→ RECORDS
::::::::

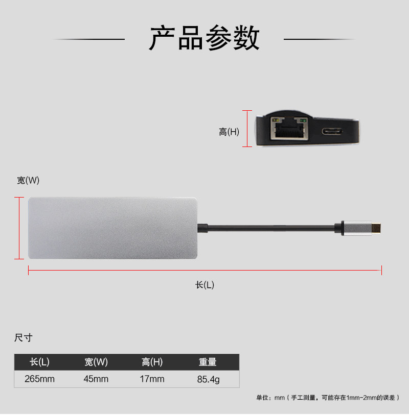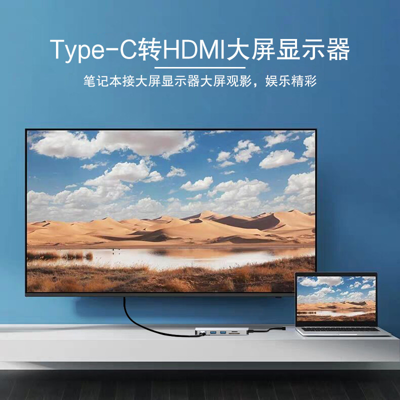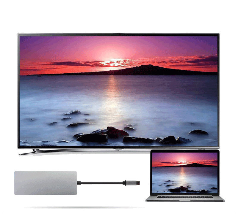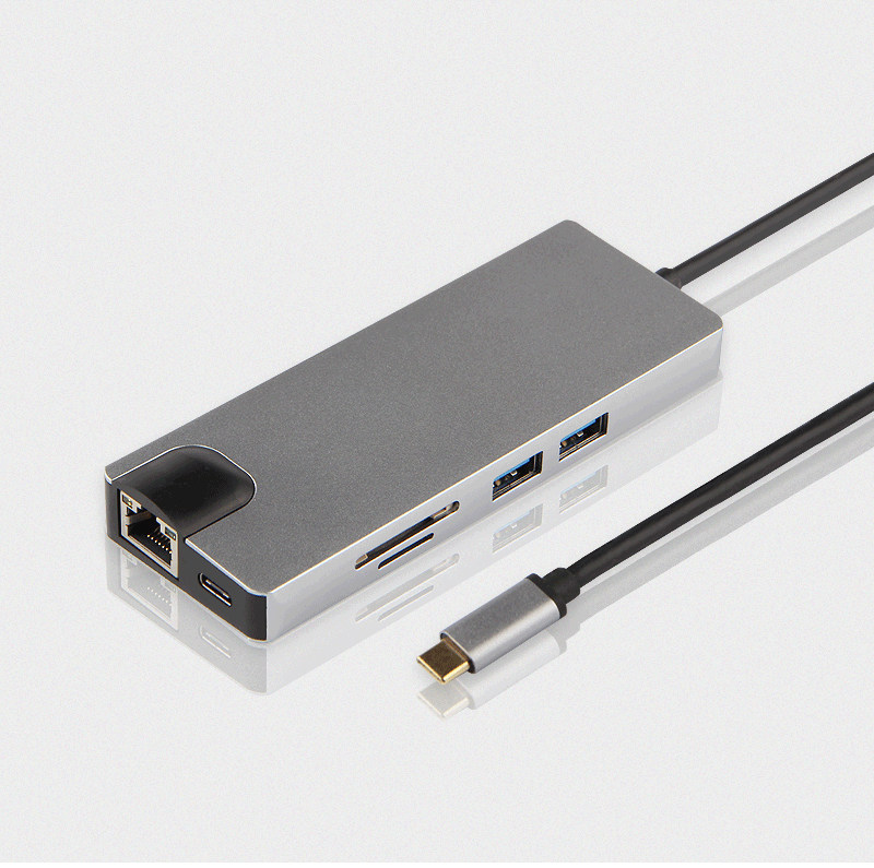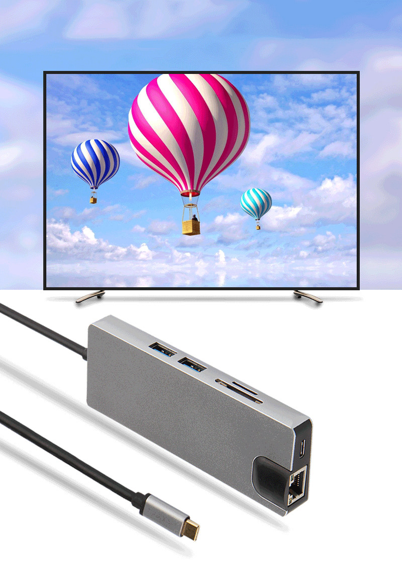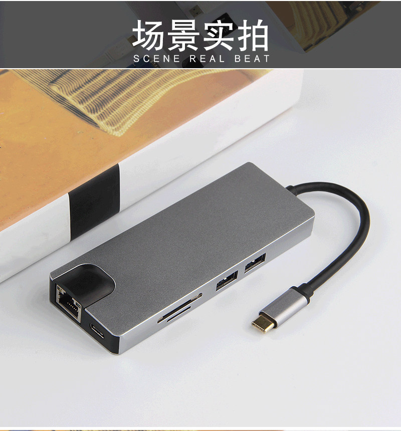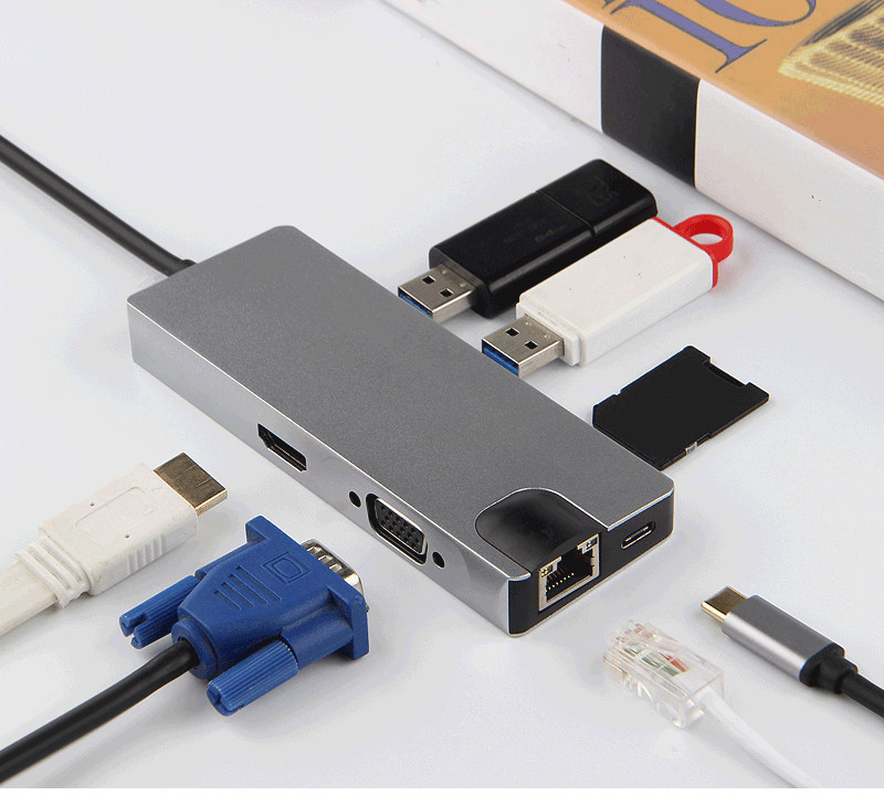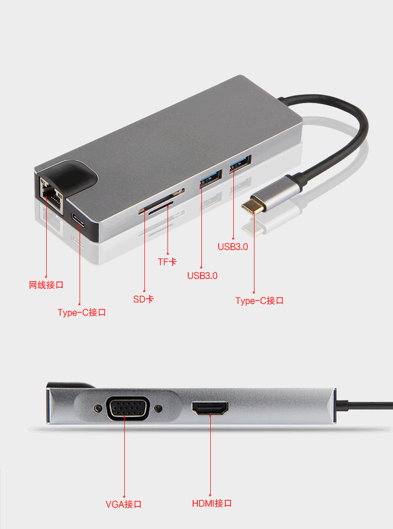 以下為 銀色【Type-c擴展2USB+HDMI+VGA+網口+讀取SD/TF卡】描述圖片
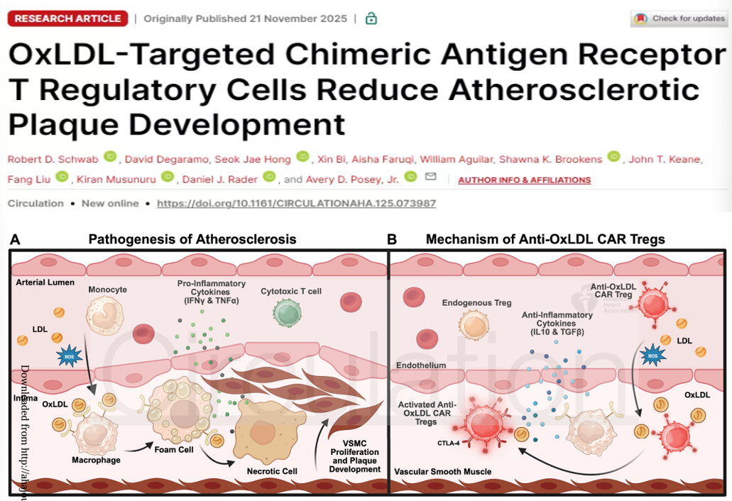 【1】Schwab RD, Degaramo D, Hong SJ, Bi X, Faruqi A, Aguilar W, Brookens SK, Keane JT, Liu F, Musunuru K, Rader DJ, Posey AD Jr. OxLDL-Targeted Chimeric Antigen Receptor T Regulatory Cells Reduce Atherosclerotic Plaque Development. Circulation. 2025 Nov 21. doi: 10.1161/CIRCULATIONAHA.125.073987. Epub ahead of print. PMID: 41268661.
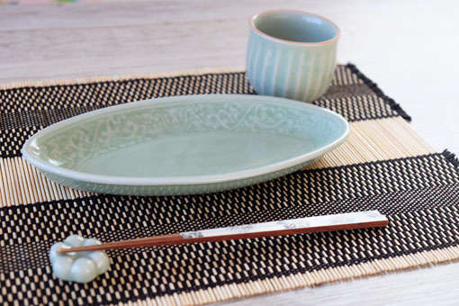 | 竹の質感と、ナチュラルで落ち着きのあるカラーが気に入っています。オーシャングリーンの丸皿25cmを乗せても、ゆとりのある大きさです。 | ||
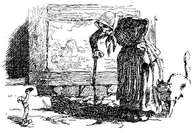 Тут уж старая хозяйка не могла усидеть в горнице. Она поднялась, вышла на двор и тихонько притаилась в тени насоса. Только в засаде она была не одна: кое-кто, также заметив малыша, сгорал от любопытства. То была домашняя кошка. Осторожно подкравшись, она прижалась к стене дома в нескольких шагах от яркой полоски света. Немало времени провели старушка и кошка в ожидании этой холодной мартовской ночью. Старушка начала было подумывать, не пойти ли ей обратно в горницу, как вдруг услыхала стук деревянных башмачков по мощёному двору. Она увидала, что малыш-домовой, как и прежде, что-то несёт и это что-то пищит и барахтается у него в руках. И тут старую хозяйку осенило: домовой-то бегал в орешник за детёнышами бельчихи и принёс их ей, чтобы они не подохли с голоду.
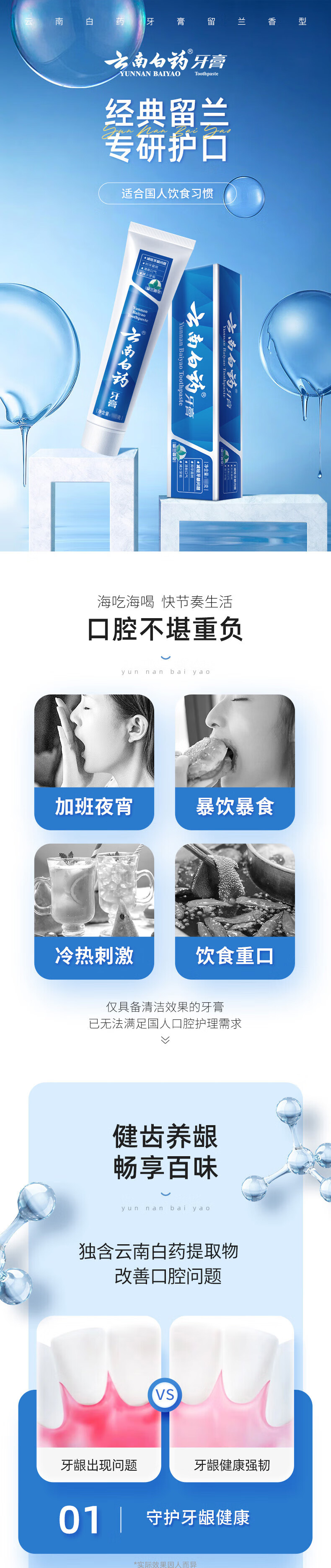 云南白药(YUNNANBAIYAO) 益生菌清新口气牙膏 薄荷香型 65g*1支 混色(单位:支)
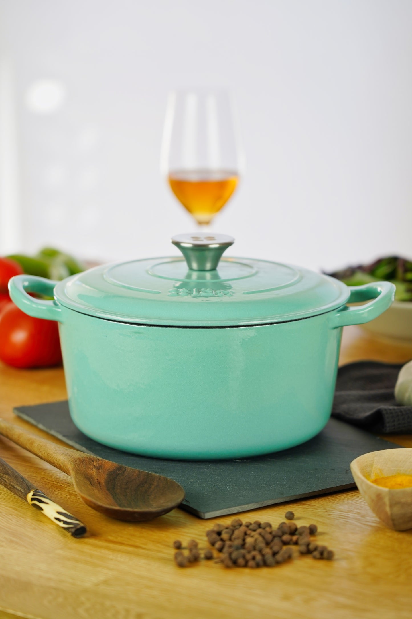 Lätt Home Cocotte Hierro Fundido Esmaltado Verde Menta. Cocotte Redonda 23x11 CM - 4 L. Olla Elegante, Resistente, Especial para Inducción y Apta para todos tipo de Cocina
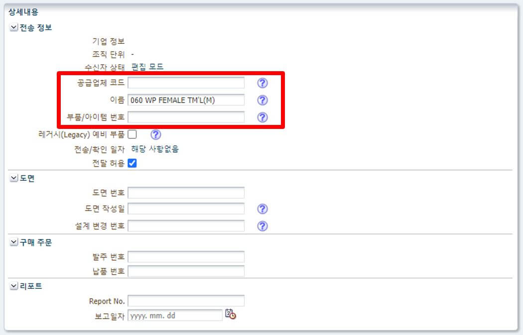 10. 상세내용에 공급업체 코드, 이름, 부품/아이템 번호 수정 가능
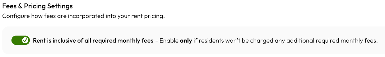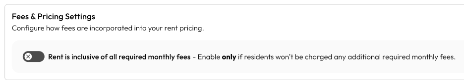 - Locate the Fee & Pricing Settings section at the top of the Fees & Policies page and enable the Rent is inclusive of all required monthly fees toggle.
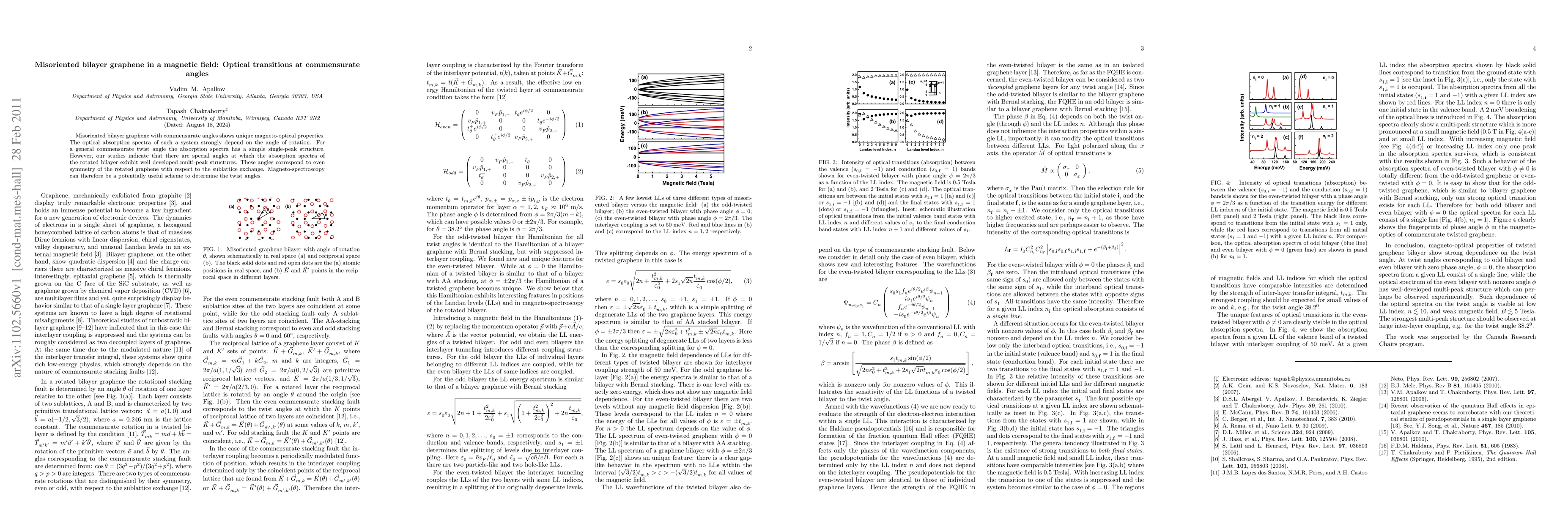 Misoriented bilayer graphene exhibits unique magneto-optical properties that vary with rotation angle; specific twist angles lead to multi-peak absorption spectra, revealing even symmetry and enabling precise determination of twist angles via magneto-spectroscopy.
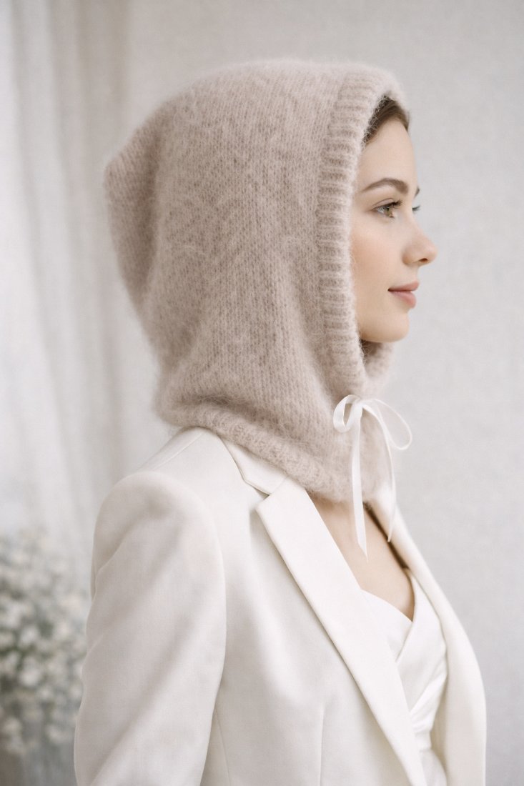 Atłasowa wstążka przy ściągaczu pozwala zawiązać kokardę pod szyją lub puścić ją swobodnie. Balaclava pięknie kadruje twarz, podkreśla spojrzenie i tworzy miękką ramę wokół dekoltu. Sprawdzi się podczas ceremonii w chłodniejszym sezonie, plenerowej sesji czy wieczornego przyjęcia.
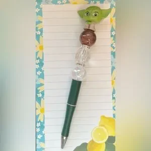 Beautifully handmade beaded pen that features the beloved “Yoda” from the Star Wars Collection. This pen is fun to have around and guaranteed to brighten any day!!
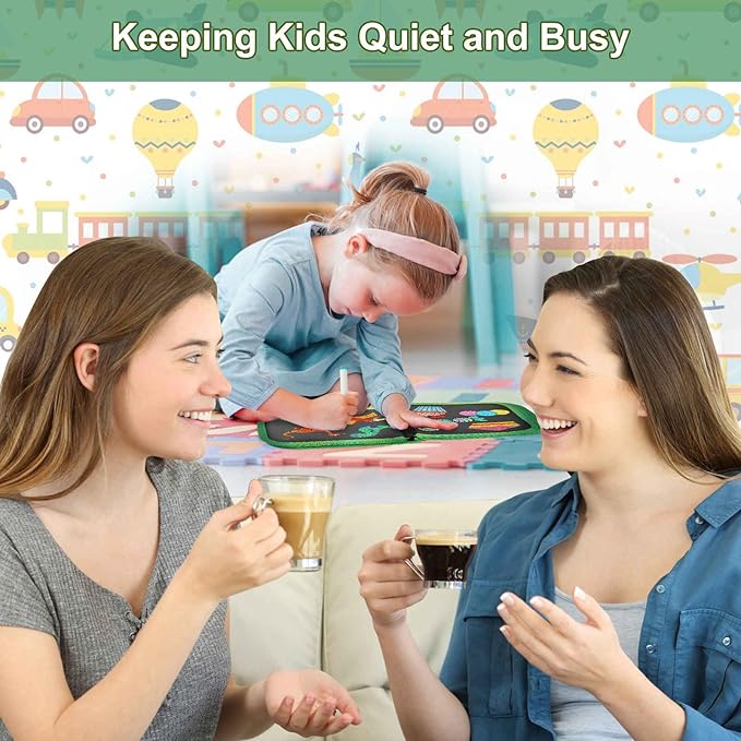 • 🎨Kid's Road Trip Essentials--Kids Erasable Graffiti Book has sticky buttons on the outside to keep it in place and a pens pocket on the inside for 12 watercolor pens. Even in cars, planes and other means of transportation, kids can draw as much as they want.

::::::::

→ THE TASK
Print exactly, and print only, the lines from the line with "Atłasowa wstążka przy" through the last line of the entries, both ends included. No pictures belong in the result.

→ EXPECTED OUTPUT
 Atłasowa wstążka przy ściągaczu pozwala zawiązać kokardę pod szyją lub puścić ją swobodnie. Balaclava pięknie kadruje twarz, podkreśla spojrzenie i tworzy miękką ramę wokół dekoltu. Sprawdzi się podczas ceremonii w chłodniejszym sezonie, plenerowej sesji czy wieczornego przyjęcia.
 Beautifully handmade beaded pen that features the beloved “Yoda” from the Star Wars Collection. This pen is fun to have around and guaranteed to brighten any day!!
 • 🎨Kid's Road Trip Essentials--Kids Erasable Graffiti Book has sticky buttons on the outside to keep it in place and a pens pocket on the inside for 12 watercolor pens. Even in cars, planes and other means of transportation, kids can draw as much as they want.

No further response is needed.